Bright Neighbor Validation #2

imedan · 2024-04-02T21:29:29Z

@albireox I wanted to start a draft of a pull request so we can comment on what I have so far for the bright neighbor validation. The current implementation relies on having the bright neighbor healpix indices saved in a file that are pointed to by the environment variable BN_HEALPIX. Then it just uses the R.A. and Decl. of the ToOs to see if they are in the bright neighbor regions on the sky for a given design_mode. Currently, for the sample file docs/sample.csv, the check for one design_mode takes ~1 minute.

A couple things that may need to be added are:

Account for proper motions
Account for offsets
Speed up index search

Let me know what you think.

codecov · 2024-04-02T21:34:59Z

Codecov Report

Attention: Patch coverage is 0% with 24 lines in your changes are missing coverage. Please review.

Project coverage is 88.7%. Comparing base (0912bce) to head (cd7056a).
Report is 1 commits behind head on main.

❗ Current head cd7056a differs from pull request most recent head 764d437. Consider uploading reports for the commit 764d437 to get more accurate results

Files	Patch %	Lines
src/too/validate.py	0.0%	24 Missing ⚠️

Additional details and impacted files

@@           Coverage Diff           @@
##            main      #2     +/-   ##
=======================================
- Coverage   95.2%   88.7%   -6.5%     
=======================================
  Files          8       9      +1     
  Lines        327     351     +24     
  Branches      64      66      +2     
=======================================
  Hits         311     311             
- Misses         4      28     +24     
  Partials      12      12

☔ View full report in Codecov by Sentry.
📢 Have feedback on the report? Share it here.

imedan · 2024-04-04T19:46:06Z

I have now added offsetting and proper motion correction to the bright neighbor check. A couple things that have changed as a result of this:

I have added can_offset to the data model and to the sample.csv.
It should be noted I am working under the assumption that if pmra is not Null, then the epoch value must be set. I have updated this in sample.csv.
The code now depends on mugatu, but I cannot add it as a dependency. This is because mugatu depends on sdssdb (a tagged version), so poetry seems to not like having the branch you require work with the mugatu requirement. This should be fixable down the road, but for now you need to install mugatu separately for the code to run.

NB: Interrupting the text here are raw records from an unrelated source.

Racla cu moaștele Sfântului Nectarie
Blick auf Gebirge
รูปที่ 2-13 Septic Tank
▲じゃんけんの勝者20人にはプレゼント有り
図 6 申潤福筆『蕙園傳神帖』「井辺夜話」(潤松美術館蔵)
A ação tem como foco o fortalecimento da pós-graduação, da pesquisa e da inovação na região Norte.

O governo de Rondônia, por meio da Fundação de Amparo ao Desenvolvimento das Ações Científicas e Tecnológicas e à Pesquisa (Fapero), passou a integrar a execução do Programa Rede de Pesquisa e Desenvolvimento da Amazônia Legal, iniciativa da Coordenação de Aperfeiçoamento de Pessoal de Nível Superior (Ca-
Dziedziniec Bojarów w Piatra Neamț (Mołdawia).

One other thing to figure out. The offsetting function relies on knowing what observatory the observation will be at. Is this something we will know at the validation stage? Or is it simpler to just run the validation for each observatory?

albireox · 2024-04-23T18:45:16Z

Hi @imedan,

I have finally gotten to a point testing the validation that I think I have some relevant comments. Instead of merging this branch directly I did merge/copy-paste/modify your additions in this file in the dev branch

https://github.com/sdss/too/blob/dev/src/too/validate.py

The main reason for this is that I wanted to avoid depending on Mugatu for now, as it requires some additional dependencies to build Kaiju and it only works with Python <= 3.10 (which is what Kaiju allows). Happy to revisit that if we can make Mugatu to not depend on Kaiju and work with the latest Pythons.

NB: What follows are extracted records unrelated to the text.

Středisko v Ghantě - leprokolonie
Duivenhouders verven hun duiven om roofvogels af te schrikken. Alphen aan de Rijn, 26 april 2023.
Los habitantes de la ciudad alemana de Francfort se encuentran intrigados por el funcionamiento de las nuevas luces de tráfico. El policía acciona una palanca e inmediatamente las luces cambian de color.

In any case, what I did was to copy some functions from Mugatu and a trimmed down version of DesignMode. I also changed a bit the inputs, but this is mostly for my own convenience when calling these functions, and because I've been trying in too to not use the default connection that sdssdb provides and allow it to be overridden (which probably is not very relevant for production, but it was important for development). To make this work I also had to make two changes:

Here I had to comment this block as I think it does the same as in magnitude_array (although it seems you already deleted that?)
Here I think the ev_boss should be ev_apogee and that was causing a shape mismatch.

The non-critical but useful change I made is to use polars lazy query options to speed things up. The BN validation was taking some 10 minutes to run, which is not terrible. I tried to parallelise it but run into issues and ended up giving up. The slowdown is 90% due to reading the large pickle files for some design modes. On one side, I think pickle is not ideal here because it's uncompressed, and the Healpix arrays in those files are quite compressible. I create Parquet files from the pickle files and the size decreases by a factor 4-5 (something line numpy.savez_compressed also works at the same level). But if one does not load the entire file in memory and opens it with polars.scan_parquet and then queries the pixels that match, that is done in a few seconds (because of whatever ultra-efficient magic the polars query planner does in the background).

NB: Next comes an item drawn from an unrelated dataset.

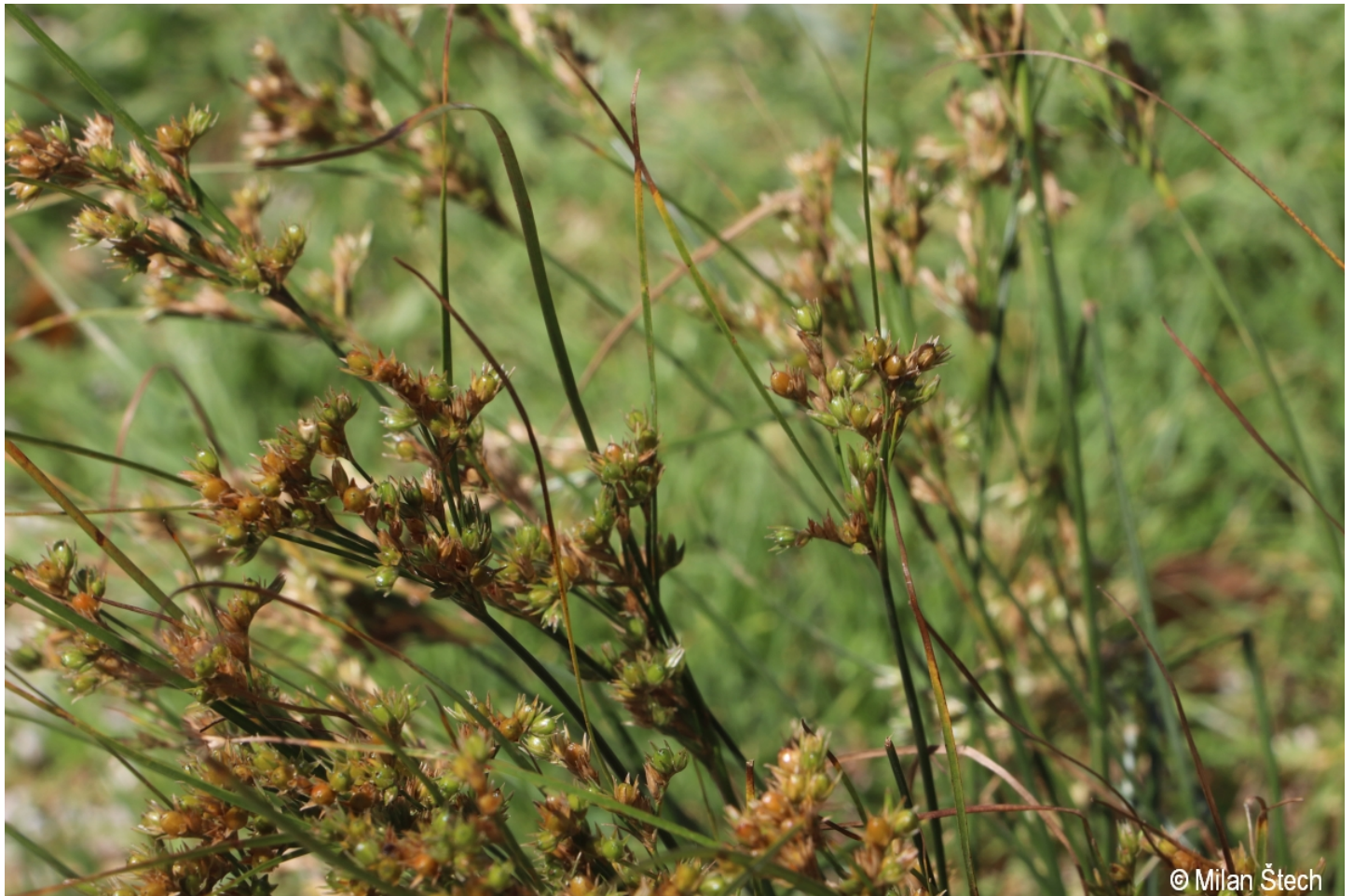
Juncus tenuis – Milan Štech – Svinná Lada.

Currently the version in dev seems to work fine and I can validate targets (see my implementation of the call here.

Let me know what you think and whether we should just merge those changes to main, or you want to port them back here or to Mugatu.

imedan · 2024-04-23T21:28:21Z

So, I think it does make sense (for now) to just copy over the mugatu functions to the validate.py file for development purposes (for the reasons you stated). I do think we should not do this for the production version of the code though, as if these functions need to change for some reason it will be annoying to have to do it in two separate places. But, we can cross that bridge when we get there...

Other than this, the changes that you made look all good to me! For the two errors you caught, I did correct those locally but forgot to push them to the remote branch...so thanks for catching them! Also, the polars query seems nice if it speeds things up. Similarly, the polars.scan_parquet magic sounds great to me, the large size of those pickle files was annoying...

I also looked at your implementation of validating the targets. It looks mostly good to me. I guess it is still missing differentiating between the observatories for the targets? This is a change we will have to make, as the bright neighbor radius is not the same at APO and LCO.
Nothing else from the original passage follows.